Key Takeaways for Model Design
The practical impact of scaling laws on current frontier model design:
SCALING_LAW_DESIGN_PRINCIPLES = {
"1_budget_first": (
"Start with your compute budget and deployment scenario. "
"Scaling laws then determine model size and data requirements."
),
"2_over_train_for_inference": (
"If you expect high inference volume, train a smaller model "
"on more data. The extra training cost is amortized over inference."
),
"3_data_quality_shifts_curve": (
"Higher quality data shifts the scaling curve down. "
"Invest in data curation before scaling model size."
),
"4_validate_cheaply": (
"Run small experiments at 0.1% of target compute to fit "
"scaling law parameters specific to your data and architecture."
),
"5_architecture_follows_scale": (
"At a given N, the depth/width ratio is determined by "
"hardware efficiency: TP communication, PP bubble fraction, "
"and KV cache memory."
),
"6_moe_breaks_laws": (
"MoE models have different effective N for compute vs memory. "

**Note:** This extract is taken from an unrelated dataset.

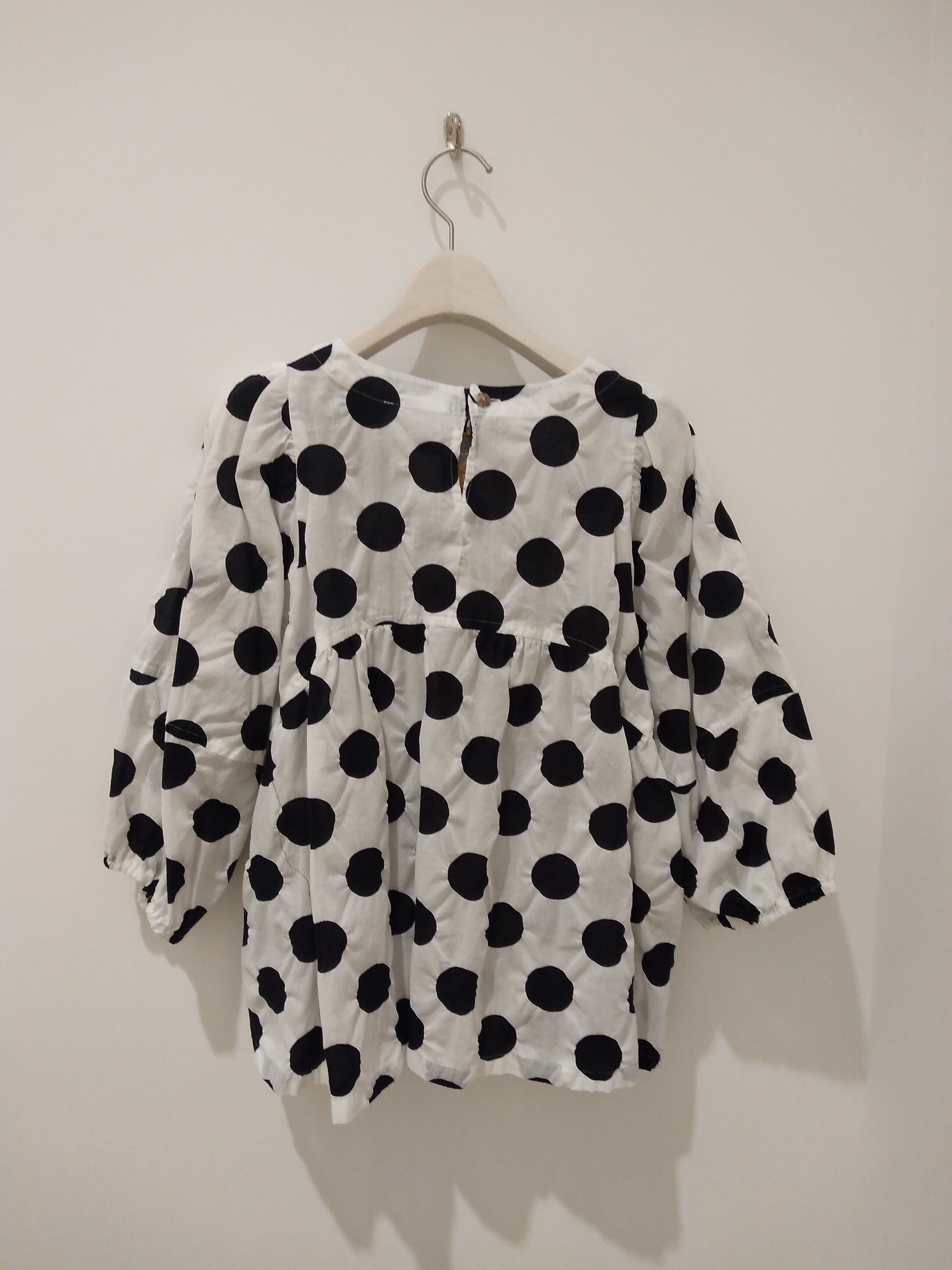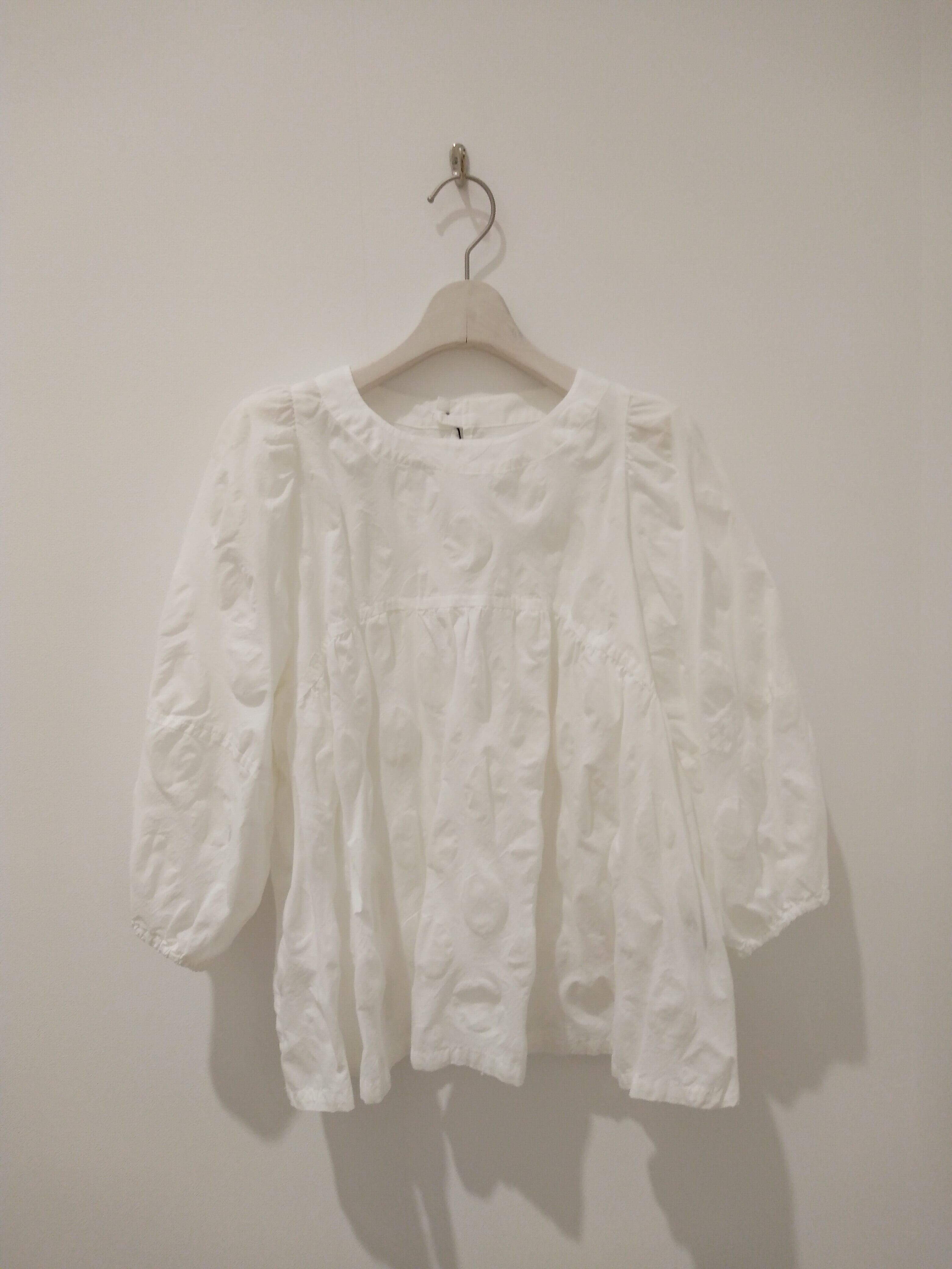 エレガントな雰囲気漂うパルティクラールのプルオーバー。ドット柄の上品なヨーク切替と、女性らしいパフスリーブが特徴的な一枚です。袖丈は七分袖なので、季節の変わり目やオフィスカジュアルにも対応できる便利なアイテムです。

"Scaling laws must be re-fit for sparse architectures."
)
}
The single most impactful finding from scaling laws research: pretraining loss is predictable from small experiments. You do not need to train a 70B model to know what loss it will achieve. This transforms model design from guesswork into engineering.
Scaling laws have moved from an academic curiosity to the foundation of billion-dollar training decisions. Every frontier lab runs scaling law experiments before committing to a large training run. The key shift from Kaplan to Chinchilla to modern practice: the optimal model size depends not just on training compute, but on the total lifecycle cost including inference. This is why the industry has moved decisively toward smaller, over-trained models for deployment.